[concurrency-interest] Timer notification drifts

David Holmes davidcholmes at aapt.net.au
Mon Jan 10 18:12:29 EST 2011


I believe you need root access to check the clocksource (unless default
perms are modified):

cat /sys/devices/system/clocksource/clocksource0/available_clocksource

to see what's available, and

cat /sys/devices/system/clocksource/clocksource0/current_clocksource

to see what is in use.

I was suggesting using nanoTime to measure the elapsed time, rather than
date/currentTimeMillis, as nanoTime should not be affected by time-of-day
adjustments. Which reminds me: check if ntp is running and if so turn it
off, if not turn it on, and see if that makes a difference.

David

-----Original Message-----
From: Navin Jha [mailto:navin.jha at FXALL.com]
Sent: Tuesday, 11 January 2011 9:04 AM
To: dholmes at ieee.org
Cc: concurrency-interest at cs.oswego.edu
Subject: RE: [concurrency-interest] Timer notification drifts


David,

I tried LockSupport.park(..) and ScheduledThreadPoolExecutor with same
results and they use nano time. Are you suggesting using nano time in any
other way? I will try them again after the switch to HPET to see if there is
any difference. I have communicated your concern  about the use of TSC on
multi-processor systems to our unix support group.
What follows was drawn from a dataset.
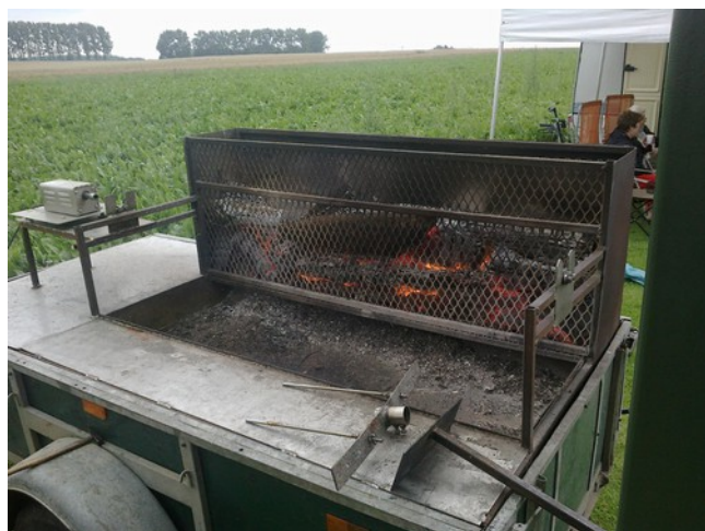
La remorque BBQ en pleine action

Une soixantaine de convives ont participé à cette journée venteuse et ce, dans la bonne humeur. Une rencontre entre anciens et nouveaux membres a fait que chacun y a été de sa petite histoire. Un échange de connaissances très positif ! Malgré une météo un peu capricieuse.

One more question, how do I make sure that the clock source is set up
correctly to HPET? Since it was done by the support group  I want to make
sure that they did it  correctly?

-Navin

From: David Holmes [mailto:davidcholmes at aapt.net.au]
Sent: Monday, January 10, 2011 5:41 PM
To: Navin Jha
Cc: concurrency-interest at cs.oswego.edu
Subject: RE: [concurrency-interest] Timer notification drifts

Try using System.nanoTime to track things.

BTW unless you have CPUs with reliable TSC then you should never use TSC as
the clocksource on multi-processor systems. There are some OS specific
utilities from the chip vendors to fix TSC drift but I don't know what is
available for Linux. It's been a little while since I checked on the current
state of this.

David
-----Original Message-----
From: Navin Jha [mailto:navin.jha at FXALL.com]
Sent: Tuesday, 11 January 2011 8:33 AM
To: dholmes at ieee.org
Cc: concurrency-interest at cs.oswego.edu
Subject: RE: [concurrency-interest] Timer notification drifts
David,
TSC was used by default (according to unix support folks, since I don't have
access to configs on those machine), they switched it to use HPET and I got
the same result. Below is the sample code I used to test. On one machine I
see a constant drift of about 15 milliseconds regardless of how of long the
timer runs (I ran it for 1 hr, 2 hrs and 24hrs). This machine has 2 cpus. On
the machine with 8 cpus The drift was close to 11 seconds for 24 hrs.

import java.text.SimpleDateFormat;
import java.util.Calendar;
import java.util.Timer;
import java.util.TimerTask;

public class TimerTest {

         public static void main(String[] args) {

               try {
                  long schedule=500;
                  if (args.length > 0)
                        schedule=Long.parseLong(args[0]);
                  System.out.println( " scheduling job\n");
                  Timer eodTimer = new Timer(true);
                  SimpleDateFormat simpleDateFormat = new
SimpleDateFormat("HH:mm:ss:S");
                  System.out.println(" Current time = " +
simpleDateFormat.format(Calendar.getInstance().getTime()));
                  eodTimer.scheduleAtFixedRate(new
TestTask(System.currentTimeMillis(),schedule, simpleDateFormat), schedule,
schedule);
                  Thread.sleep(Long.MAX_VALUE);
            } catch (Exception e) {
              System.out.println(e);
            }

      }

         private static class TestTask extends TimerTask {

          long startTime;
          long sch;
          SimpleDateFormat simpleDateFormat;
          TestTask (long startTime,long schedule, SimpleDateFormat
simpleDateFormat)
          {
            this.startTime=startTime;
            sch=schedule;
            this.simpleDateFormat = simpleDateFormat;
          }
            public void run() {
                  long now = System.currentTimeMillis();
                  System.out.println(" End time     = " +
simpleDateFormat.format(Calendar.getInstance().getTime()) + "\n");
                  System.out.println(" Actual diff  = "+(now-startTime)+ "
milliseconds, expected diff = " + sch + " milliseconds");
                  System.exit(1);

            }
         }
}

From: David Holmes [mailto:davidcholmes at aapt.net.au]
Sent: Monday, January 10, 2011 5:21 PM
To: Navin Jha
Cc: concurrency-interest at cs.oswego.edu
Subject: RE: [concurrency-interest] Timer notification drifts

So I take it that HPET is already being used.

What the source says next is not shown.